High profile incidents of police misconduct have recently generated intense media attention in the United States.  Police departments and policy makers throughout the country have begun to use body cameras to create an objective record of interactions with the public.  The mere presence of body cameras fundamentally changes the dynamics of law enforcement encounters for both police and the public.  By creating an objective visual record, body cameras have the potential to protect the public from police officer misconduct, provide officers a defense to allegations of misconduct, assist in police training and help prosecutors secure convictions by supplying visual evidence.
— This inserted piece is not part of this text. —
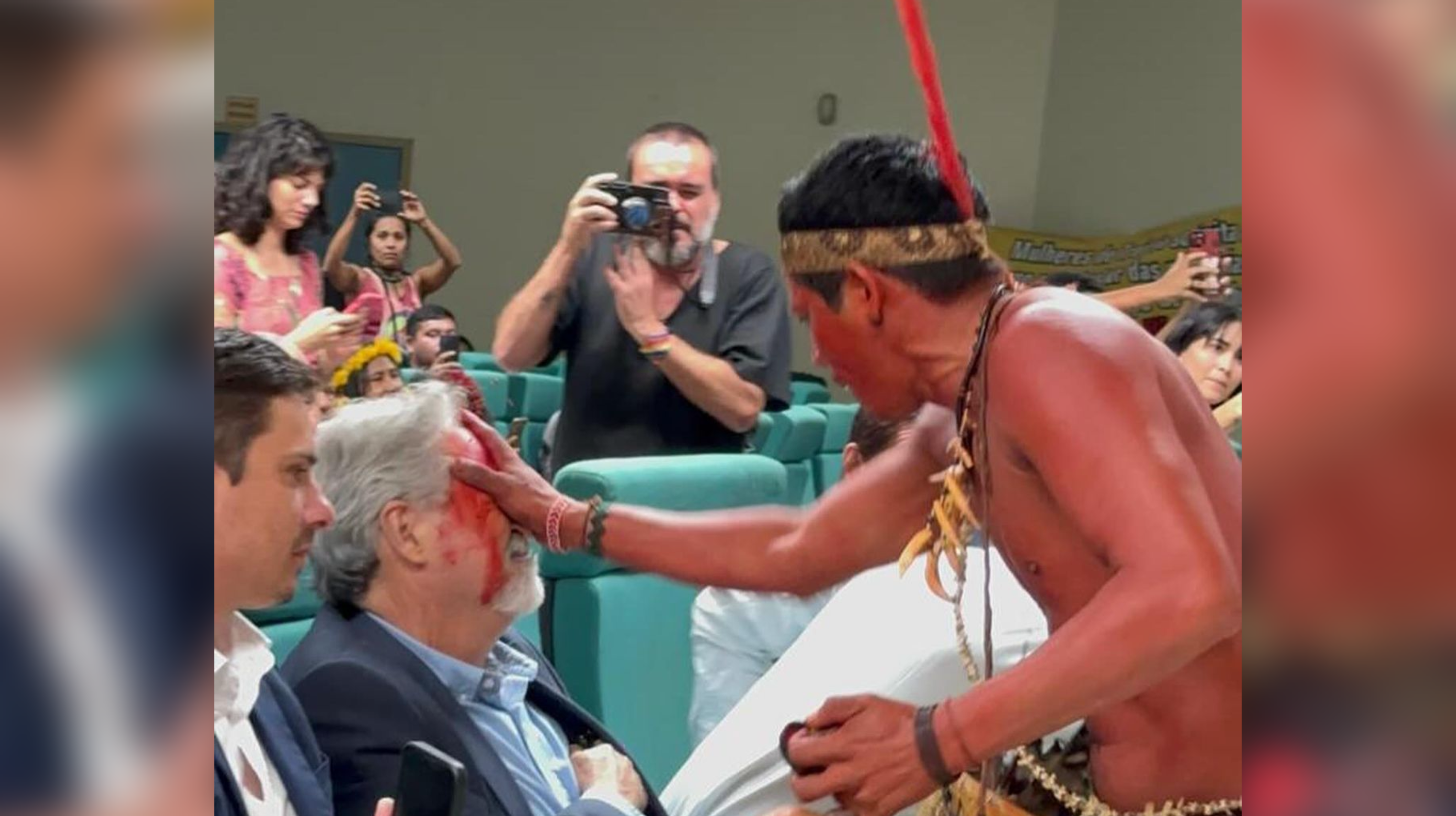 Os manifestantes do Baixo Tapajós, que é lar de 14 diferentes povos indígenas, esfregaram urucum no rosto de representes de entidades que defensoras da construção da ferrovia. Num vídeo que circula nas redes sociais, é possível ver um indígena da aldeia Muruary realizando o protesto com urucum.

LB 1000, introduced by Sen. Health Mello, would require the Nebraska Crime Commission to develop a model policy on body-worn cameras and make it available to law enforcement agencies.  It would also require all law enforcement agencies that use body-worn cameras to either adopt the Crime Commission’s model policy or adopt their own policy.  If a law enforcement agency adopts its own policy, it could go above and beyond the Crime Commission policy, but it must be consistent with the Crime Commission policy.   The bill would also require law enforcement agencies to provide their policies, and annual updates to their policies, if any, to the Crime Commission.

Before 2015, only four states had enacted laws related to body cameras.  But just last year, at least 37 states considered legislation on some aspect of body cameras for law enforcement officers and fifteen states enacted new laws.  Altogether, 19 states and the District of Columbia have some kind of body camera law on the books.  Instead of mandating body cameras, most of the legislation gives individual departments discretion over whether they will use them or not.  However, if police do decide to use body cameras, most state laws, including the provisions of LB 1000, set up a policy framework that governs their use.

One of the roadblocks our state and local law enforcement agencies have encountered, is the cost.  The Legislative Fiscal Note shows an expenditure of $48,000 for fiscal year 2016-17 and $108,000 for fiscal year 2017-18.  That includes only the data storage costs for one year, based on 100 officers wearing cameras in FY 2017 and 200 in FY 2018.  The 2018 costs also include retaining 25% of recordings longer than one year, which is the Nebraska State Patrol’s current retention policy.  The agency also notes that if 400 officers were to be equipped with body worn cameras, the first year of data storage costs would total $192,000 and the second year would total $240,000.  The Patrol notes that these are only storage costs and do not reflect the cost of purchasing body cameras, which are relatively expensive, and the training that must be done so that everyone understand the policies and regulations that must be met when using these cameras.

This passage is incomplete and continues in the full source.